Страница 5 из 9
Однако когда Иван в тысяча восемнадцатый раз вынужден в течение пяти часов держать факел[91], который нельзя перекладывать из правой руки в левую, он ощущает побочные эффекты этих заплывов. Правая рука Ивана давно деформирована, мускулы на ней вдвое крупнее, чем на левой, и после каждого из тысячи восемнадцати раз у него начинаются судороги, усиливается боль, и в конце концов рука оказывается полностью парализована. Раздающиеся с мостов над ним бурные овации помогают ему подавить боль, он крепко сжимает в руке факел и на секунду чувствует облегчение. Но во время тысяча девятнадцатого заплыва это приводит к тому, что на Ивана выливается горючее, его охватывает пламя, и он умирает. Овации наверху не прекращаются с исчезновением Ивана (запятой), а только усиливаются, когда пропадают целые буквы, образуемые другими пловцами, которые, очевидно, тоже умирают в огне, и остаются лишь напоминающие нечто не вполне приличное части слов, например «ЕТСЯ»[92].
Ликующая толпа не замечает или даже приветствует самопожертвование участников плавучего парада ради (загадочных) идеологических лозунгов. Судьба отдельно взятого человека тонет в массовом зрелище, что можно истолковать как констатацию отчуждения человека в социализме или в современности в целом[93]. Рассказ кончается словесной игрой, которую можно истолковать в том же ключе: когда вторая половина идеологического послания номер двадцать шесть исчезает, а запятая (Иван) тонет, образуется новый смысл – стирание личности:
ОДНИМ ИЗ ВАЖНЕЙШИХ ВОПРОСОВ СОВРЕМЕННОГО ЦЕЛЕВОГО СТРОИТЕЛЬСТВА БОРО ЯВЛЯЛСЯ Я[94]
Как видно на примере «Заплыва», если говорить о второй, «интертекстуальной» тенденции внутри московского концептуализма, размышления над условиями создания искусства как такового составляли лишь один из ее элементов – и для этой второй тенденции он был не самым характерным.
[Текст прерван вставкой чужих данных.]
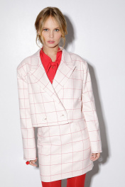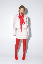 Костюм-двойка из укороченного оверсайз жакета с расширенными плечами и мини-юбки с высокой посадкой. Детали: прямой силуэт, спущенная линия плеча, пиджачный воротник, перед с функциональным нагрудным карманом, застежка двубортная на петли и пуговицы, рукава втачные двухшовные, жакет на подкладке. Юбка на притачном поясе, талиевые вытачки, застежка сзади на потайную молнию, юбка на подкладке. Длина жакета по спинке около 47 см в размерах 40-46 и около 49 см в размерах 48-52, длина рукава около 60см. Длина юбки по боковому шву с поясом около 46 см в размерах 40-46 и около 49 см в размерах 48-52 см

Поскольку настоящая книга посвящена творчеству Владимира Сорокина, который вошел в кружок московских концептуалистов в середине 1970‐х годов, разговор об интертекстуальной и стилистической игре с целыми дискурсивными пластами, например дискурсами классической русской литературы или советского соцреализма, здесь более уместен. Лев Данилкин и Петер Дойчман называют это явление «метадискурсом» и «метадискурсивностью» (Metadiskursivität)[95], отмечая, что московские концептуалисты отсылают скорее к коллективным стереотипам, чем к единственному конкретному интертексту. Михаил Эпштейн в опубликованной им в 1995 году монографии «После будущего: парадоксы постмодернизма и современная русская культура» (After the Future: The Paradoxes of Postmodernism and Contemporary Russian Culture) писал:
Концептуализм чужд такой локализации, социальной или психологической, вычленяемые им структуры и стереотипы принадлежат не конкретному сознанию, а сознанию вообще, авторскому в той же степени, что и персонажному. Поэтому концептуальные произведения никак нельзя занести в разряд юмористических или иронических, где автор устанавливает некую дистанцию между собой (или, что то же самое, областью идеала) – и осмеиваемой действительностью[96].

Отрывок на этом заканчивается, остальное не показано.